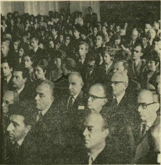
A tanévnyitó résztvevőinek egy csoportja

Az eredményjelző táblán megjelent: Aoky. Montreal. Befejeződött a XX. Nyári Olimpia.
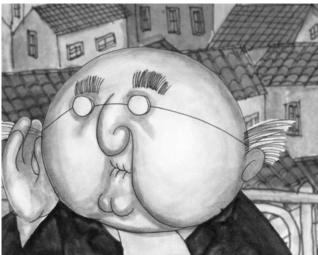
Fig. 4: O Sr. Raposo ouve alguém cantar

Um dia, o Sr. Raposo é arrancado da tristeza em que está mergulhado (fruto da sua desconsolada condição de desdentado) pelo cantarolar de uma voz feminina (Fig. 4).
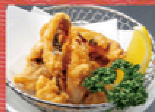
イカの唐揚げ 400円 (税込440円)
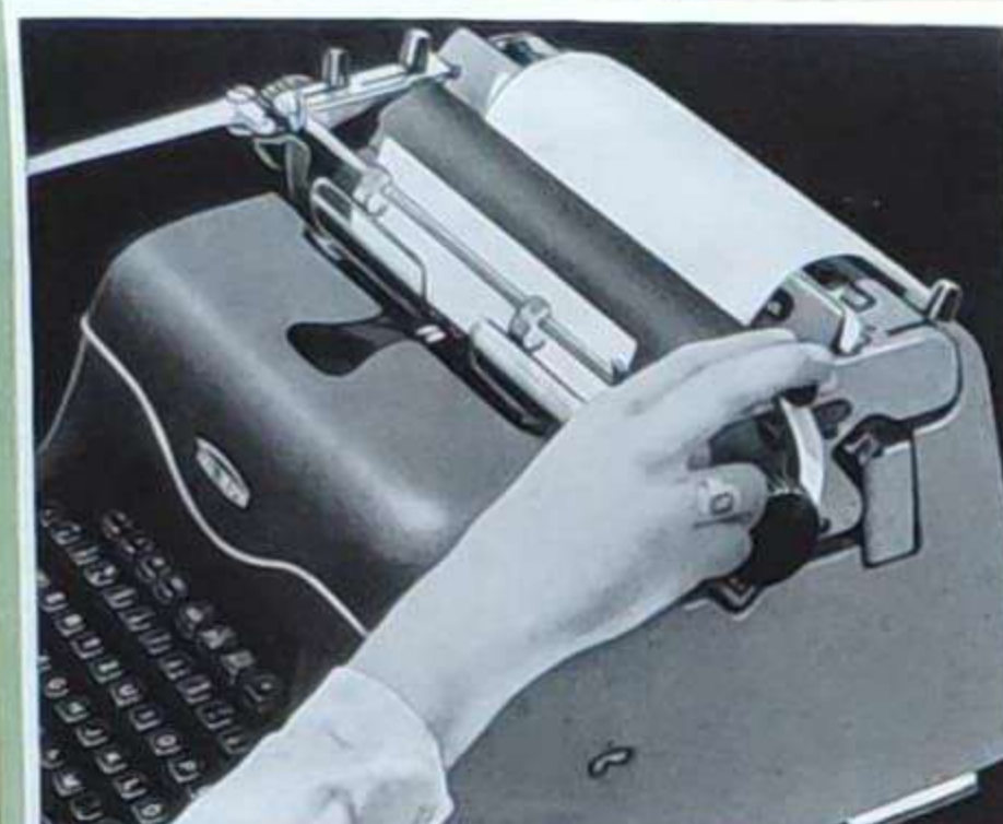
Der Einzugshebel, der auf besonderen Wunsch angebracht wird, führt den Briefbogen in einem Zug unter die Papierhalteschiene und wirft den beschriebenen Bogen in gleicher Weise aus.
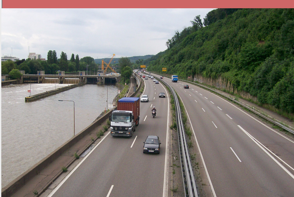
6 Die vierspurige B 10 ist eine wichtige Transport- und Verbindungsachse im Neckartal. Für Kommunen wie Esslingen oder Deizisau stellt sie eine nur schwer zu überwindende Barriere und starke Lärmquelle dar

_Instructions for the task:_ Without any pictures, return the entries exactly as given.

_The answer:_
A tanévnyitó résztvevőinek egy csoportja

Az eredményjelző táblán megjelent: Aoky. Montreal. Befejeződött a XX. Nyári Olimpia.
Fig. 4: O Sr. Raposo ouve alguém cantar

Um dia, o Sr. Raposo é arrancado da tristeza em que está mergulhado (fruto da sua desconsolada condição de desdentado) pelo cantarolar de uma voz feminina (Fig. 4).
イカの唐揚げ 400円 (税込440円)
Der Einzugshebel, der auf besonderen Wunsch angebracht wird, führt den Briefbogen in einem Zug unter die Papierhalteschiene und wirft den beschriebenen Bogen in gleicher Weise aus.
6 Die vierspurige B 10 ist eine wichtige Transport- und Verbindungsachse im Neckartal. Für Kommunen wie Esslingen oder Deizisau stellt sie eine nur schwer zu überwindende Barriere und starke Lärmquelle dar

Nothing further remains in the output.